# Saturday 7/26 another bottom day on RECESS



## recess (Oct 8, 2007)

We headed out of the pass around 6am. The seas were around 1-2 from the NW. Our plans were to head to the yellow gravel area for a few box fish. Steven, my son in law, was with us for the trip (He is home for his mid tour leave from IRAQ). Rob,Tim and I are as ready as can be for a good day. We just really want a calm day from the badweather. But again mother nature had her own plans. We kept a watchfulleye on the sky allday to the south, but nothing but clear skies. Never turn your back on a wave at the beach and your back to the weather heading home. Hear we go again 15-20 from the NW seas going to 3-4 maybe a 5 footer thrown in now and then. Well, we made it in again, and I hope every one else did too. Hear is a few pictures of our catch. There were 11 different types of fish. Gene,Tim, Rob and Steven


----------



## The Groovy Hooker (Jul 22, 2008)

:clapWhen is the fish fry?


----------



## bos'n (Sep 28, 2007)

good post and good pictures, keep up them good trips Tony:usaflag


----------



## rodfather (Mar 13, 2008)

Nice.... Are all those Amberjack 28 inches? Just kidding, nice haul! The real question is, who gets to the red snapper?:clap:clap:clap:clap:clap:clap


----------



## rodfather (Mar 13, 2008)

I mean...



**Who gets to *EAT* the red snapper? I love some snapper!


----------



## dailysaw (Jan 22, 2008)

you guys killed them! glad to see the nice load of fish. 

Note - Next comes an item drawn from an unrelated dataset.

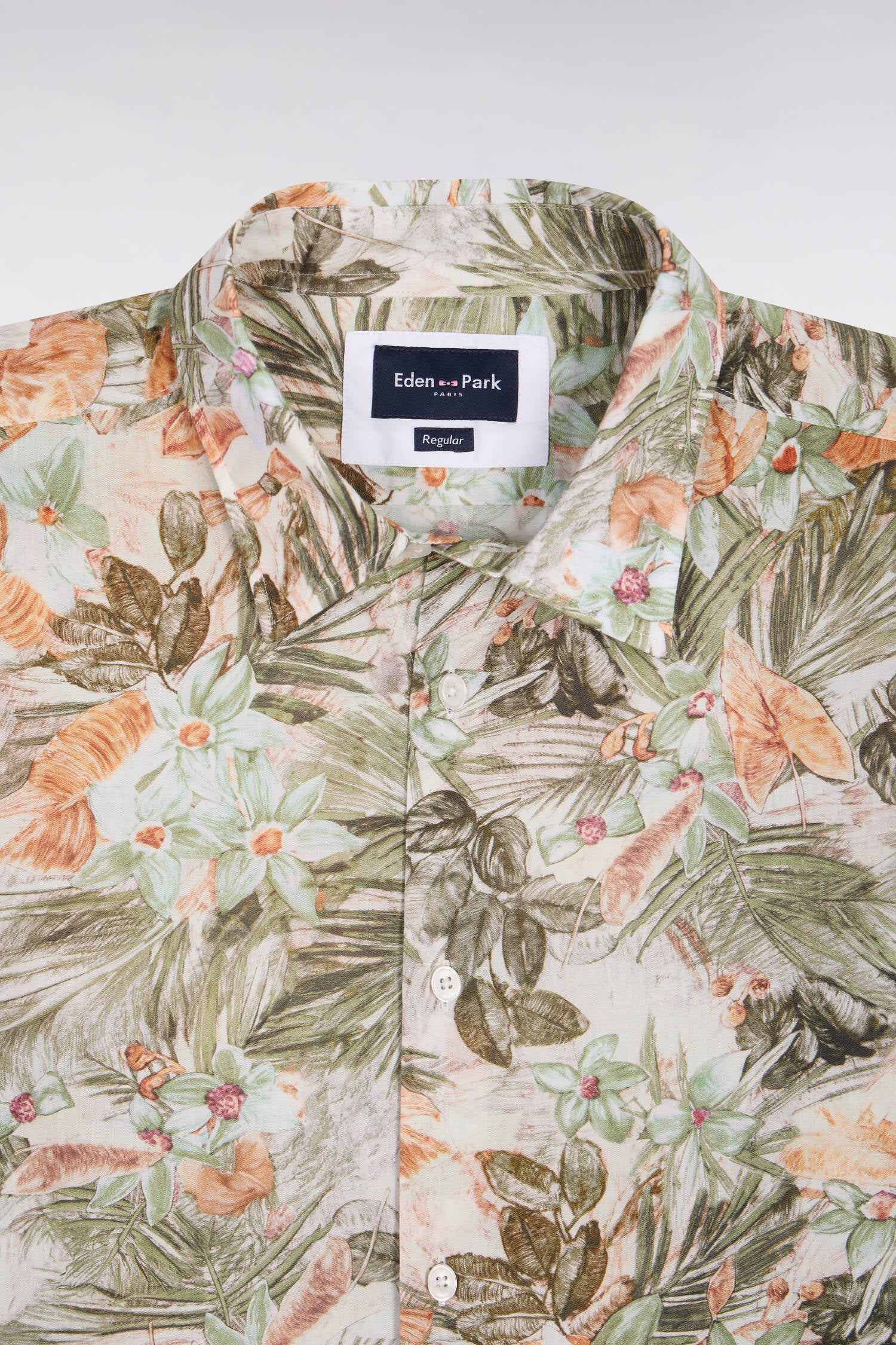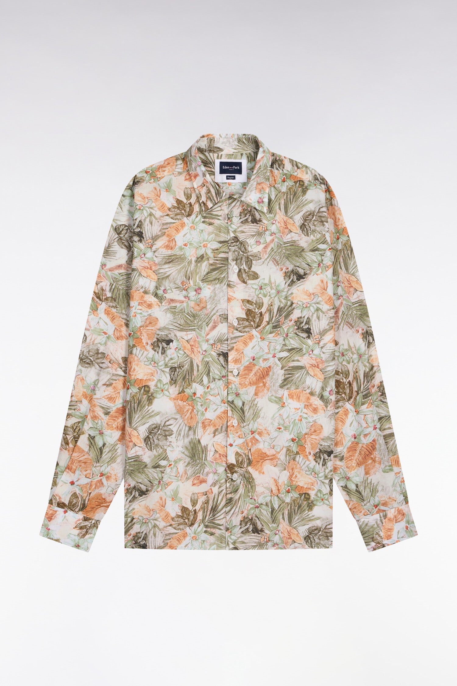 Chemise en popeline de coton beige imprimé végétal coupe regular

what a great trip with family in town.

well done and thanks for the :takephoto


----------



## Wharf Rat (Sep 27, 2007)

> *rodfather (7/27/2008)*Nice.... Are all those Amberjack 28 inches? Just kidding, nice haul! The real question is, who gets to the red snapper?:clap:clap:clap:clap:clap:clap




Those are Almaco Jacks...don't have to be 28.



Nice haul guys!


----------



## Ocean Man (Sep 27, 2007)

Scamp, Tripletail, Bigeye, and a Cuskeel. Now thats what I call good eating.


----------



## recess (Oct 8, 2007)

> *Wharf Rat (7/28/2008)*
> 
> 
> > *rodfather (7/27/2008)*Nice.... Are all those Amberjack 28 inches? Just kidding, nice haul! The real question is, who gets to the red snapper?:clap:clap:clap:clap:clap:clap
> ...


 Hall, Rob keep askingfor morealmacos. I think he jigg most of the trip. We ran out of ice so he did not keep any AJs.


----------



## rodfather (Mar 13, 2008)

Man! I caught 6 Almaco Jacks and threw them back! now I know, Lol.:banghead:banghead:banghead


----------